Разговаривать было опасно. Рядом стоял с безучастным лицом старичок, моргал слепенькими глазками, но слушал, хитрая лиса, слушал! Конечно же, тарджуман.
Мы сели, скрестив ноги, за низкий столик, разобрали фигуры. Сделав пару ходов, я мигнул Пантелеусу. Он задумался, потом, улыбнувшись, сказал что-то Пинте. Тот подкрался к старичку, отвесил дюжину поклонов и стал читать ему какие-то стихи на турецком. Мы молчали, и тарджуман терпел, делал вид, что ему приятно. Корвин принялся тихо, задумчиво напевать. Известная песенка —
Я делал ходы, подтягивал, так же тихо, задумчиво. Но вот, когда старик стал важно поправлять какую-то Пинтову строчку, Корвин спел:
Вот так. Понятного мало, но главное я ухватил.
Вдруг Пантелеус тронул меня за плечо.
– Разомни косточки, – сказал он, показав взглядом на край стены.
Я встал, потянулся. Подошёл к краю. Солнце в зените. Дно колодца – дрожащее зеркало. Действительно, знак. Ошибиться нельзя, отчётливый контур. Пришёл янычар, жестом показал, что Корвину пора возвращаться. Поспешив закончить партию, мы вернулись во дворик. Здесь, быстро уединившись, мы повернулись друг к другу. Выкрикнули одновременно:
– Яйцо!
– Яйцо с чертой!
– Разрезанное яйцо!
Сомнений быть не могло. Мы видели одно и то же: овал, рассечённый посередине плавным зигзагом. Один конец овала заострён, как носик яйца, второй – круглый. Подошедший Готлиб озадаченно смотрел на нас, как на сумасшедших.
– Знак Кара-Тун, – взволнованно произнёс Пинта.
– Каратун?
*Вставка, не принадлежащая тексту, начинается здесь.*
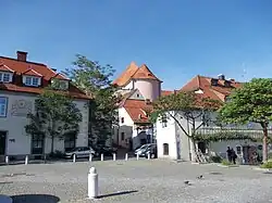 | Vojašniška ulica, Blick zu Splavarski prehod, Aloisiuskirche und zum Alten Weinstock | |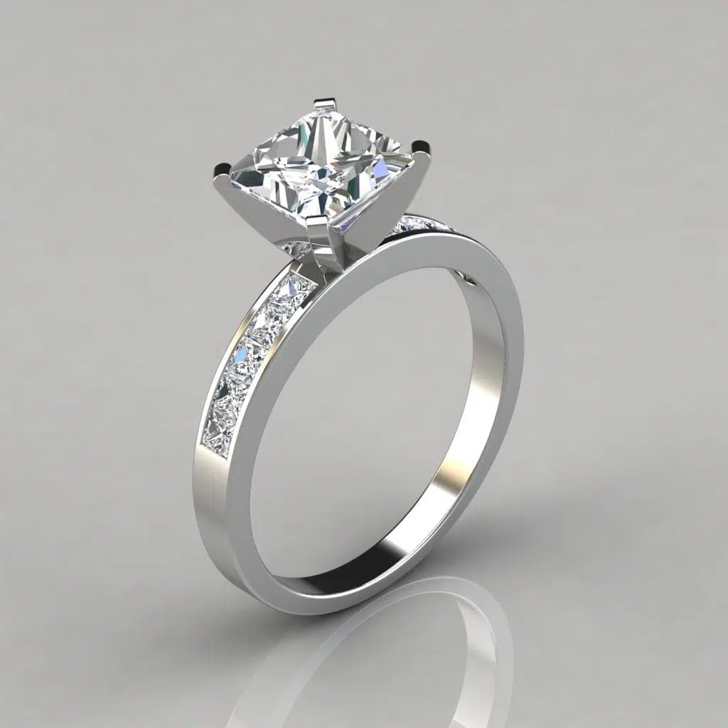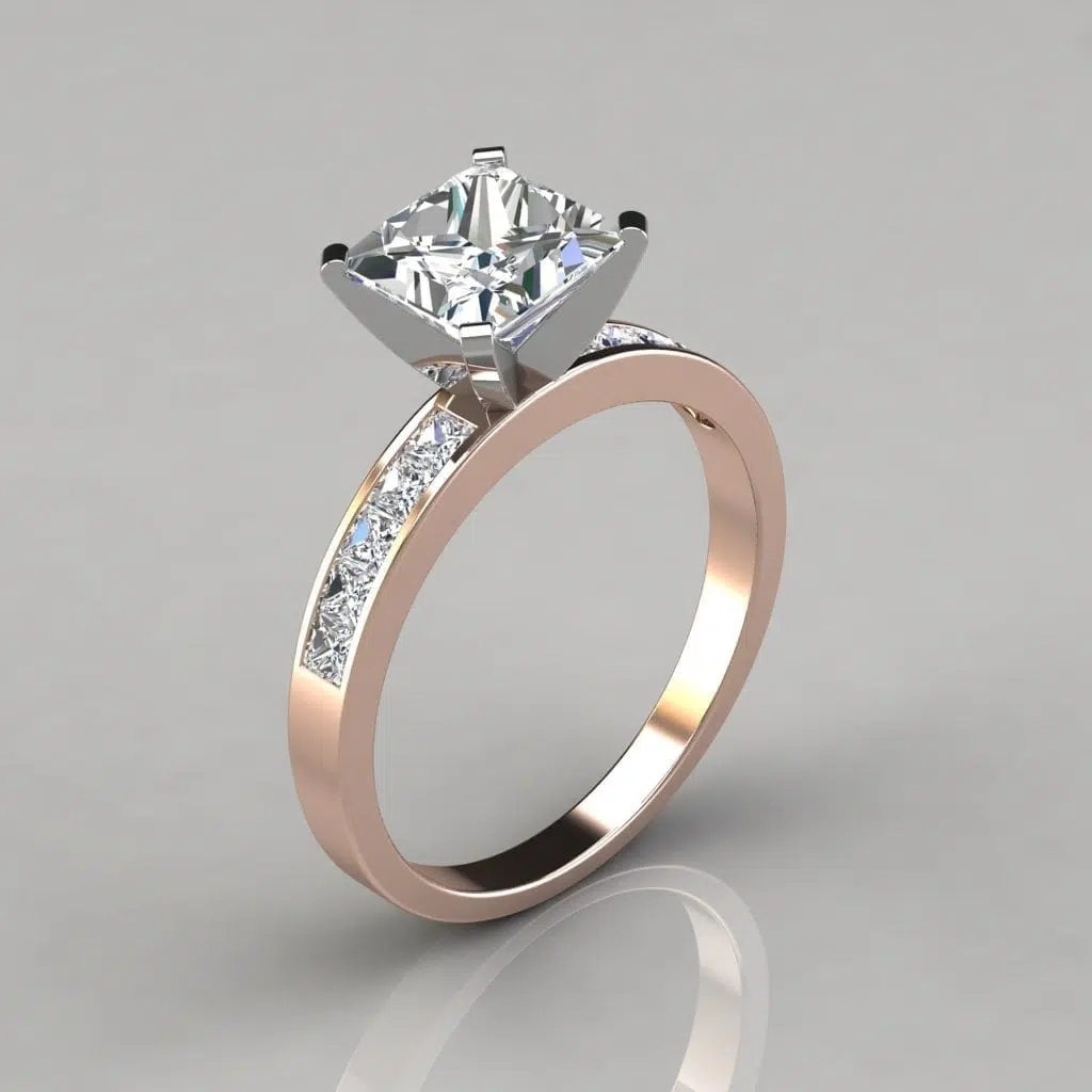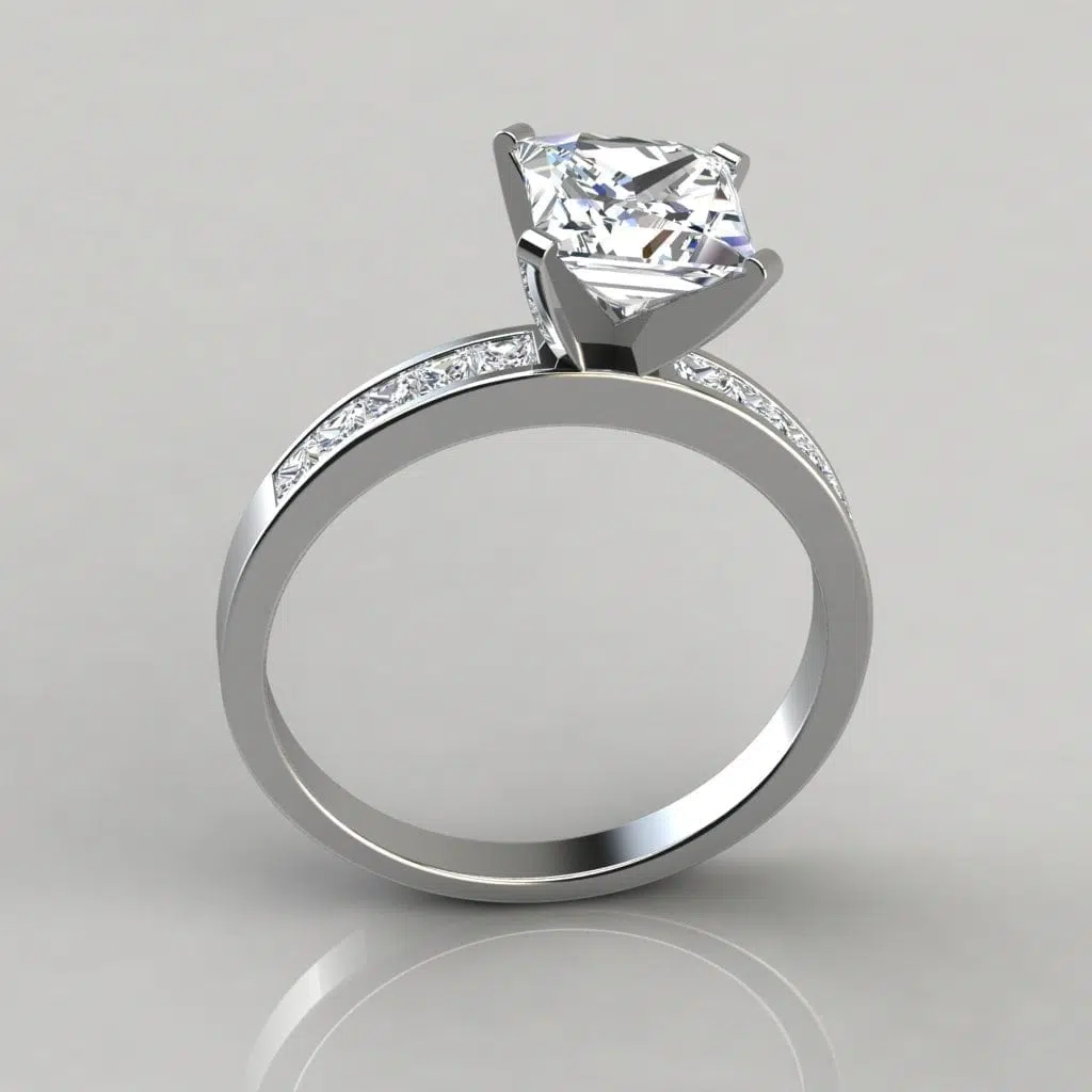 This Magnificent Moissanite Channel Set Princess Cut Moissanite Engagement Ring is available in White, Yellow or Rose Solid Gold (14K or 18K) and also in Platinum.

И что это значит?
– Знак, говорящий, что рядом есть тайная дверь, или люк, или подземный ход. Одним концом он показывает – в какой стороне находится дверь или ход. Я читал, что сегодня спорят, какой конец является указателем. Одни владельцы древних рукописей считают, что острый, или “направление птичьего клюва”. Другие – что круглый, или “направление летящей капли”.
– В нашем случае острая половинка обращена в сторону ворот и чуточку вбок, – торопливо сказал я. – Там комната караульных, там можно поискать. А вот другая – в сторону новой стены, которой перегородили дворик лет сто или двести назад. В этом случае тайная дверь от нас отсечена. Что будем делать?
– Надеяться на “клюв”, – сказал, поглаживая кота, Пантелеус. – Осмотрим комнату, что другое-то остаётся?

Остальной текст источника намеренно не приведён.